# What is expected
Your reply should contain only the line with "Questo completo è" and the lines after it through the end of the data, each written out exactly.

Start of Dataset section

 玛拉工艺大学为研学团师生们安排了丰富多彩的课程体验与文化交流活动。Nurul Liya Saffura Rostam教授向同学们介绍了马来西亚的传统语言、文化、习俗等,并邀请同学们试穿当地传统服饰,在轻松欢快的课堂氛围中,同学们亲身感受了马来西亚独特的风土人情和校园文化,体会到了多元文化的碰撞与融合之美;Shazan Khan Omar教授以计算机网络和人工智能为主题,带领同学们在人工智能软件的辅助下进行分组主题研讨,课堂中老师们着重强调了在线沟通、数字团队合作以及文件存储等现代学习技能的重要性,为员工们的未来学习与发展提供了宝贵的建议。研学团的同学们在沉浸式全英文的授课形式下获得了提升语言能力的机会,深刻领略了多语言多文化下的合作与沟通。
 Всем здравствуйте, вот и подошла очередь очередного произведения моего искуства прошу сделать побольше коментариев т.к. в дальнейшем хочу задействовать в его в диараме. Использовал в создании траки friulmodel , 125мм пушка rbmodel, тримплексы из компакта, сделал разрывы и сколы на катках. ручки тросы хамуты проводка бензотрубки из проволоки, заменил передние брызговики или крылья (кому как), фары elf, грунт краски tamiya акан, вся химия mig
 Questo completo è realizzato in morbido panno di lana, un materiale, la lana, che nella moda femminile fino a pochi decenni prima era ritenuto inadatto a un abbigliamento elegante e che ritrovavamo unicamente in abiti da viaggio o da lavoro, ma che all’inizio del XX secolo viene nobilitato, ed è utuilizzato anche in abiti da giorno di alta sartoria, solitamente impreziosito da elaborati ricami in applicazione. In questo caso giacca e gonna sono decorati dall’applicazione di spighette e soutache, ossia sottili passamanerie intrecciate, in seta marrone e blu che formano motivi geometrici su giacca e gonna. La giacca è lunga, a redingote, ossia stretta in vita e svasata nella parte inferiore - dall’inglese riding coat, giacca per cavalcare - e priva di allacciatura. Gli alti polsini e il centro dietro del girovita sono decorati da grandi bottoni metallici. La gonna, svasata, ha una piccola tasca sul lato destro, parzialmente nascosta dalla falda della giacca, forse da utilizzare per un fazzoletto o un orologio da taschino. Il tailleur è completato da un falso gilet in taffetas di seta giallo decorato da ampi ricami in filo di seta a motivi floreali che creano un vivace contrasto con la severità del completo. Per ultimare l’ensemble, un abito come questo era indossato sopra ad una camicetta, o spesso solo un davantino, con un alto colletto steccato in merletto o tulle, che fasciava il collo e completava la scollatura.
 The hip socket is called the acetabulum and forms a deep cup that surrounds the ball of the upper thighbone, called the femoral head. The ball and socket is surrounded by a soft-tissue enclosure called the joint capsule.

End of Dataset section

# Answer to the exercise
 Questo completo è realizzato in morbido panno di lana, un materiale, la lana, che nella moda femminile fino a pochi decenni prima era ritenuto inadatto a un abbigliamento elegante e che ritrovavamo unicamente in abiti da viaggio o da lavoro, ma che all’inizio del XX secolo viene nobilitato, ed è utuilizzato anche in abiti da giorno di alta sartoria, solitamente impreziosito da elaborati ricami in applicazione. In questo caso giacca e gonna sono decorati dall’applicazione di spighette e soutache, ossia sottili passamanerie intrecciate, in seta marrone e blu che formano motivi geometrici su giacca e gonna. La giacca è lunga, a redingote, ossia stretta in vita e svasata nella parte inferiore - dall’inglese riding coat, giacca per cavalcare - e priva di allacciatura. Gli alti polsini e il centro dietro del girovita sono decorati da grandi bottoni metallici. La gonna, svasata, ha una piccola tasca sul lato destro, parzialmente nascosta dalla falda della giacca, forse da utilizzare per un fazzoletto o un orologio da taschino. Il tailleur è completato da un falso gilet in taffetas di seta giallo decorato da ampi ricami in filo di seta a motivi floreali che creano un vivace contrasto con la severità del completo. Per ultimare l’ensemble, un abito come questo era indossato sopra ad una camicetta, o spesso solo un davantino, con un alto colletto steccato in merletto o tulle, che fasciava il collo e completava la scollatura.
 The hip socket is called the acetabulum and forms a deep cup that surrounds the ball of the upper thighbone, called the femoral head. The ball and socket is surrounded by a soft-tissue enclosure called the joint capsule.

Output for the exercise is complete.